Noreen and her mother Ruby are exceptionally close. Her father has walked out on the marriage even before Noreen was born. Ruby's older sister, Noreen's beloved Sonia Khala, has died a year ago, and Noreen is still trying to come to terms with her loss. Grief and loss are described with great empathy. Ruby's own relationship with her elderly parents, especially her mother, can be turbulent. When Ruby's employers want her to go to India for a year, our brand new high school graduate Noreen decides to take a gap year and accompany her mother. Sonia Khala, besides being a pathologist and a bass guitarist, was also very devout, and was fascinated by India, sharing with Noreen stories about Delhi that her own grandmother had told her. Visiting some of the places she had wanted to visit, like the shrine of Hazrat Nizamuddin Auliya in Delhi, would be a kind of pilgrimage for Noreen.
When Ruby and Noreen reach New Delhi, they discover a city with air so polluted that breathing itself is hazardous. Their very first purchase is of three air purifiers for the apartment they have rented. Noreen is pleasantly surprised to find that they have a cook cum cleaner coming in six days a week, a luxury unimaginable at home.
While Ruby gets busy with her work, Noreen finds a friend in Kabir, the son of a friend of a friend of her godfather, Adi Uncle, Ruby's best friend, and, perhaps, a surrogate father figure. (Noreen's actual encounter with her father and his second wife, some years earlier, is beyond surreal). The author, throughout the book, explores familial relationships with great sensitivity and deep insights, including the particular issues faced by migrants to the West and their often inevitable clashes with their offspring.
Kabir takes Noreen to a Delhi that is perhaps unfamiliar to many of its denizens. They first visit the ruins of Ferozeshah Kotla, where, motivated by Kabir, Noreen leaves a letter for the jinn, in which she actually manages to write, for the first time since losing her aunt, and expresses her feelings for her aunt, her grieving family, and herself. She is deeply affected by the place and its particular atmosphere of longing, grief, and unfulfilled dreams. There are subsequent visits to Nizamuddin, Tughlaqabad, and Jahanpanah, and other places, all beautifully described, all part of Noreen's personal growth, her budding romance with Kabir, and her personal pilgrimage. Some of it is so deeply spiritual that you cannot help but be intensely moved.
Owing to visa issues, the mother and daughter only have three months in India, which scuttles many of their travel plans.

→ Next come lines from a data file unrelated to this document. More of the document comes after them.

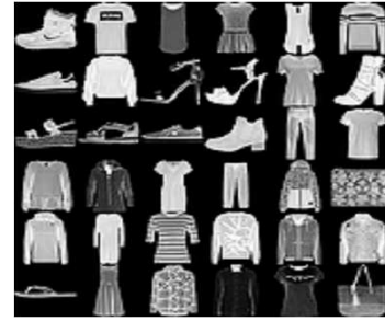
Fig. 3: Image samples drawn from the FasionMNIST dataset.

For each dataset aforementioned, we train a CNN model to
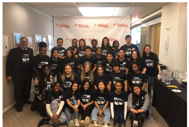
Above: photos from Youth Summit 2018

Students and teachers will reconvene in their own groups and start identifying which issue they want to address. What are some of the most important issues that affect them? Students and teachers will plan out a few of their ideas and goals and then head out of the conference with the knowledge, skills, and inspiration to make a change in their schools and/or communities.
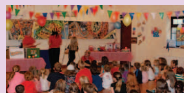
Children in 'Sonworld Adventure Park'

"On various nights we had popcorn, pic-n-mix, and other food associated with a theme park, but most importantly the children had the opportunity of hearing about Jesus through Bible stories, singing, quizzes, crafts and games. Children learnt, over the 5 nights, how to, Choose to Believe, Choose to Act, Choose to Forgive, Choose to Obey, Choose Jesus."
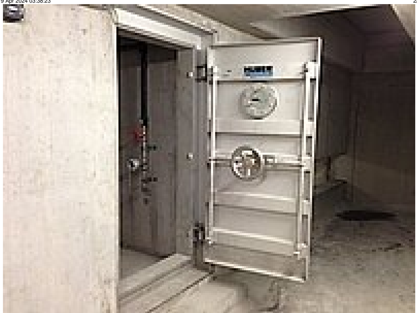
Pressure door with central lock
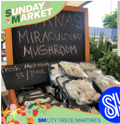
Craving for Sisig? Who knows you can make these SM Sunday Market fresh mushrooms into guiltless sizzling sisig? Cook these with fresh eggs, onion, garlic, and lots of chili for a more appetizing dish.
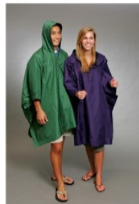
RAIN PONCHO—$55.00 PURPLE ONLY/FLEECE LINED
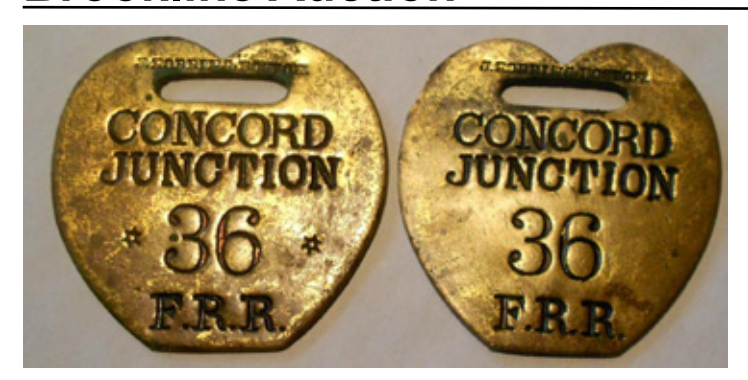
One of several matching pairs of baggage tags, this set from Concord Junction on the Fitchburg sold for $190.

However, they do make a little social niche for themselves, exploring the world of art and artists, and making friends. The topical Me Too movement features, along with its impact on the families of the "Me Too-ed."
The mood of the city is captured in all its beauty and ugliness. The rising communal tensions and the awareness of gender violence are harsh realities that Noreen has to contend with.
Although the book is fast paced and written with a light touch, and some delightful humour, I found myself often floored by the sheer wisdom I encountered.
Yes, Noreen is an outsider to Delhi, and her perspective is definitely very Western. Her eye is critical , yet not unkind. In her own words, I read somewhere that for each thing that is true about India, the opposite is also true. I'd add that for each thing you may not like about India, you will find something to like as much. or more.....When you return to America, your lungs may be grateful, but your heart will be incredibly sad.